The role of supernova feedback on the origin of the stellar and baryonic Tully-Fisher relations

TL;DR

This study uses hydrodynamical simulations to explore how supernova feedback influences the stellar and baryonic Tully-Fisher relations, revealing its role in shaping these relations and their evolution over cosmic time.

Contribution

The paper demonstrates, through simulations, that supernova feedback causes a steepening of the stellar Tully-Fisher relation at low masses and predicts a linear baryonic relation at z~0.

Findings

Supernova feedback causes a steepening of the stellar Tully-Fisher relation at low masses.

The baryonic Tully-Fisher relation remains linear at z~0.

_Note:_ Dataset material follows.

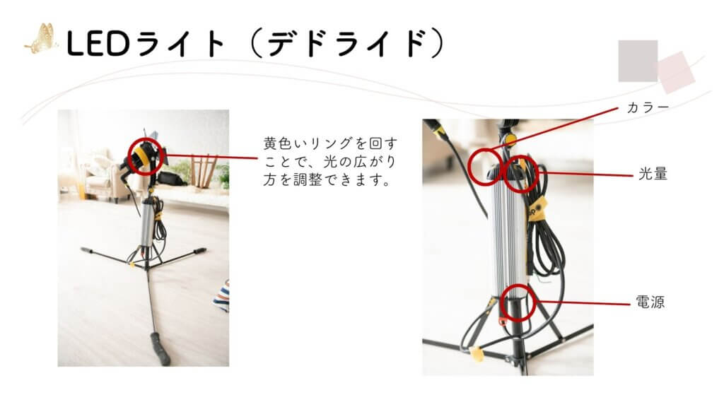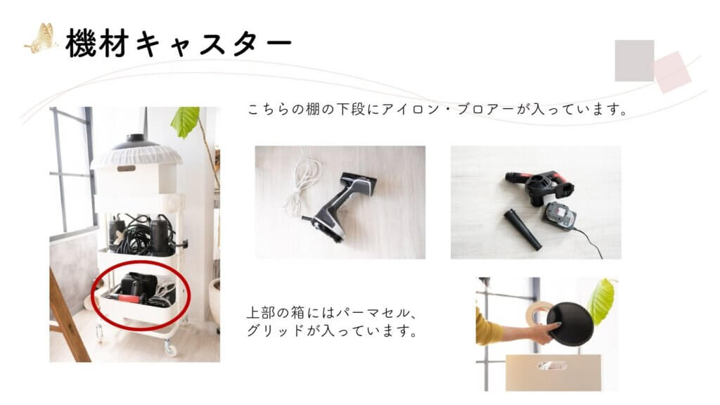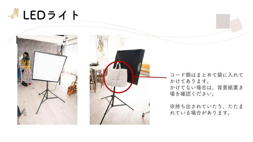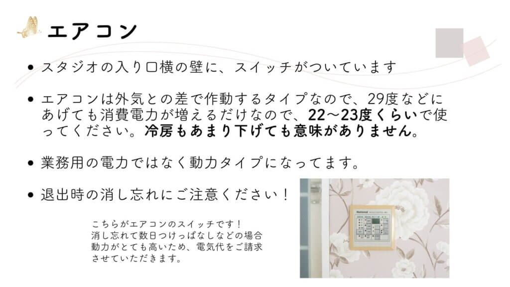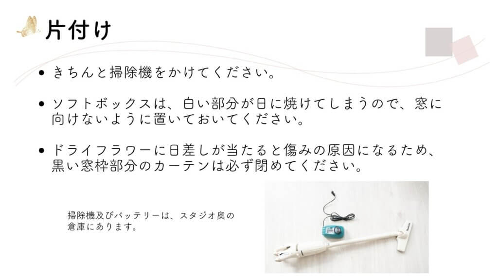 ・スタジオ内の掃除機がけをお願いします。使用後、掃除機の充電も忘れずお願いいたします。

Feedback efficiency varies with galaxy mass, affecting star formation regulation.

Abstract

In this work, we studied the stellar and baryonic Tully-Fisher relations by using hydrodynamical simulations in a cosmological framework. We found that supernova feedback plays an important role on shaping the stellar Tully-Fisher relation causing a steepening of its slope at the low-mass end, consistently with observations. The bend of the relation occurs at a characteristic velocity of approximately 100 km/s, in concordance with previous observational and theoretical findings. With respect to the baryonic Tully-Fisher relation, the model predicts a linear trend at z~0 with a weaker tendency for a bend at higher redshifts. In our simulations, this behaviour is a consequence of the more efficient action of supernova feedback at regulating the star formation process in smaller galaxies.